Дома ни души, молодые подались куда-то в лес, старая в сад. А ведь как хорошо — по нескольку капель в течение года, понемножку от каждого фрукта… а уж это малиновое Made in Kapalo будет что надо — болгарская малина отборная, без червячков и сладкая. Только малиновка не дотянет до рождества. Когда оно, рождество-то? Правда, до рождества будет еще много фруктов, каких хочешь… И чего старая как раз нынче потопала в сад?

На тротуаре его чуть задержали мальчишки, они бежали в желтых майках и синих тренировочных брюках, передний нес сплющенный кожаный мяч, другой, рядом, — насос, целая футбольная команда.

На ближней улице громыхали трамваи. Эх, кабы этот грохот спалить! Если бы да кабы… Этот гул, грохот, все, говорят, можно во все превратить — так почему же из грохота не может получиться добрая сливовица? То бишь не сливовица, а какая-нибудь знатная грохотовица! Янчуш оглянулся. Промеж «спартаков», «ифов», «рено» продиралась белая санитарная машина с желтой полосой и резко визжала сиреной.

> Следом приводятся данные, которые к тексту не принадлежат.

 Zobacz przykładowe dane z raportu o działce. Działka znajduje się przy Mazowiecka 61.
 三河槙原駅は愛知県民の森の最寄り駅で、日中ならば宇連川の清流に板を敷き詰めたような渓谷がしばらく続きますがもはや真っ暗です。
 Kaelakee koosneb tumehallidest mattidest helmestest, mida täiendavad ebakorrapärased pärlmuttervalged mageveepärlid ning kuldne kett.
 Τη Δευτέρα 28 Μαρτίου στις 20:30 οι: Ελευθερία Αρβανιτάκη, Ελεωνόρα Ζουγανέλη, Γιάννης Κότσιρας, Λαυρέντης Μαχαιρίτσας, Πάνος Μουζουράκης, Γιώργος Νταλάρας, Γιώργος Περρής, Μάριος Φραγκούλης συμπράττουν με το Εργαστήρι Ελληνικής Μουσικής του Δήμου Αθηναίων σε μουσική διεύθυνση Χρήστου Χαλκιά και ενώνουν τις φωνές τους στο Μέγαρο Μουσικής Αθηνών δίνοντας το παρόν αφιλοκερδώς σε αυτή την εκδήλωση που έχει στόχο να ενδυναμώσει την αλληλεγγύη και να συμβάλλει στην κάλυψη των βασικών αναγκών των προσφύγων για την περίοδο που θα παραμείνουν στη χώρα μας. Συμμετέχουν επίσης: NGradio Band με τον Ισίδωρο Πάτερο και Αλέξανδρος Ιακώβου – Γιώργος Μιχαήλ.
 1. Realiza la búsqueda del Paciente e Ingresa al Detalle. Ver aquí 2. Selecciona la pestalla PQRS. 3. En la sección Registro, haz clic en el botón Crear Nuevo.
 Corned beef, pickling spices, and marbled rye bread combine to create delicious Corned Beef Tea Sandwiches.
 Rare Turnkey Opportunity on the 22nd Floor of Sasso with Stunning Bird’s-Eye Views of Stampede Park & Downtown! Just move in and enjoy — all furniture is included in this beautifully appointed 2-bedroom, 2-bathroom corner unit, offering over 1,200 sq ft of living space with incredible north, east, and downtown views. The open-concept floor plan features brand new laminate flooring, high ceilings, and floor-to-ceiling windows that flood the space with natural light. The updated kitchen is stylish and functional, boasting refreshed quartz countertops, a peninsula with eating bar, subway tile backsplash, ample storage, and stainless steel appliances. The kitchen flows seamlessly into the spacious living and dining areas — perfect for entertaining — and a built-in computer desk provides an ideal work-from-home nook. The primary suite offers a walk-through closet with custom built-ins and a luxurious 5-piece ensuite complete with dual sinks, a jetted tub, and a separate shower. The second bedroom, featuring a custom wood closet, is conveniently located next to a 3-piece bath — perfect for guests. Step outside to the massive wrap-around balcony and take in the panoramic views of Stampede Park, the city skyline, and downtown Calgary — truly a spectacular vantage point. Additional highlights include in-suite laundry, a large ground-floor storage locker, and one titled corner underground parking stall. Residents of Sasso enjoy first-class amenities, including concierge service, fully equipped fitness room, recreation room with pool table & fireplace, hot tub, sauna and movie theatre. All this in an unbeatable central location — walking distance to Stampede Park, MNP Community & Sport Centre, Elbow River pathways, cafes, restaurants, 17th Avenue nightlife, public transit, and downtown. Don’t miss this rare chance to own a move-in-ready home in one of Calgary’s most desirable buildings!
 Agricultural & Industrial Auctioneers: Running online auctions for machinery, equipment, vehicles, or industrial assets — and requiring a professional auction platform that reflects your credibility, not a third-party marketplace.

Опять чья-то жизнь в опасности, подумал низенький Янчуш и проворно вбежал в корпус 4 «Б». Визжит-то как, стерва, завывает, точно молодая невеста! И сколько этот алкоголь калечит людей!.. Дом — другое дело, только дома и можно позволить себе выпить. Оно и обходится дешевле, и не обременяет общественность — дом он и есть дом. Ох, целых пять этажей, он ведь на пятом живет, высоко-то как, а лифт этот вечно ломается, новый не мешало бы сделать! Таким, как он, на первом этаже жить! Тут Янчуш подумал, что все одно, где ему жить, коли нужно по квартирам разносить извещения, и стал подыматься по лестнице.